◆ Problem description
Please return the listing exactly as written, but without its pictures.

◆ Dataset content
☆ ☆ ☆ ☆
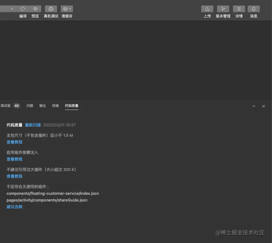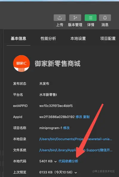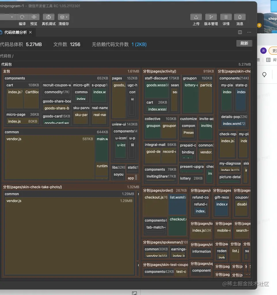 可以使用原生小程序开发者工具自带的分析工具(或者webpack-bundle-analyzer插件),它可以直观分析打包出的文件包含哪些,大小占比如何,模块包含关系,依赖项,文件是否重复,压缩后大小如何,我们可以做针对性优化。
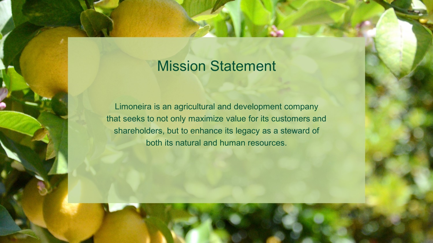 Mission Statement Limoneira is an agricultural and development company that seeks to not only maximize value for its customers and shareholders, but to enhance its legacy as a steward of both its natural and human resources.
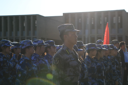 训前朗诵军训要求,“穿衣戴帽须整洁,进办公室喊报告;说话声音要洪亮,行动坐卧有气质;整理宿舍标准高,打扫卫生抢着干......”训后有序集体就餐,以心理拓展、队列操练、饭前一支歌等形式,增强了新生的作风意识和集体意识。艰苦的训练中,也不乏有趣的拉歌比赛,从军歌、红歌到校歌,全面激发了学生爱国爱校热情。
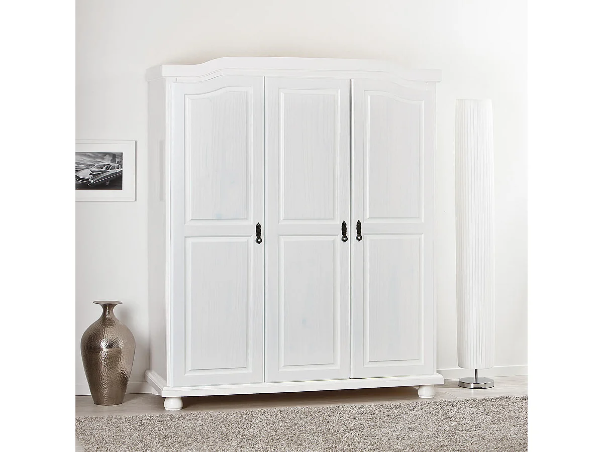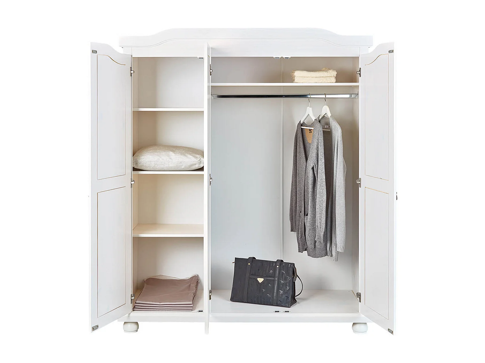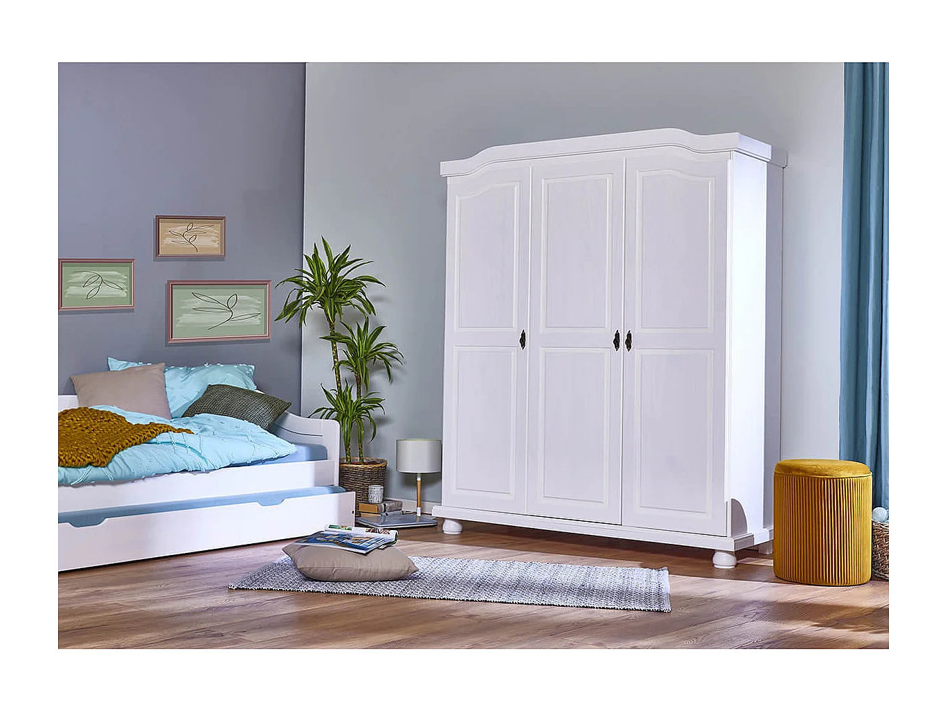 SYDNEY - Armoire 3 Portes + Penderie Bois Massif Vernis Blanc
☆ ☆ ☆ ☆
◆ Answer below
 可以使用原生小程序开发者工具自带的分析工具(或者webpack-bundle-analyzer插件),它可以直观分析打包出的文件包含哪些,大小占比如何,模块包含关系,依赖项,文件是否重复,压缩后大小如何,我们可以做针对性优化。
 Mission Statement Limoneira is an agricultural and development company that seeks to not only maximize value for its customers and shareholders, but to enhance its legacy as a steward of both its natural and human resources.
 训前朗诵军训要求,“穿衣戴帽须整洁,进办公室喊报告;说话声音要洪亮,行动坐卧有气质;整理宿舍标准高,打扫卫生抢着干......”训后有序集体就餐,以心理拓展、队列操练、饭前一支歌等形式,增强了新生的作风意识和集体意识。艰苦的训练中,也不乏有趣的拉歌比赛,从军歌、红歌到校歌,全面激发了学生爱国爱校热情。
 SYDNEY - Armoire 3 Portes + Penderie Bois Massif Vernis Blanc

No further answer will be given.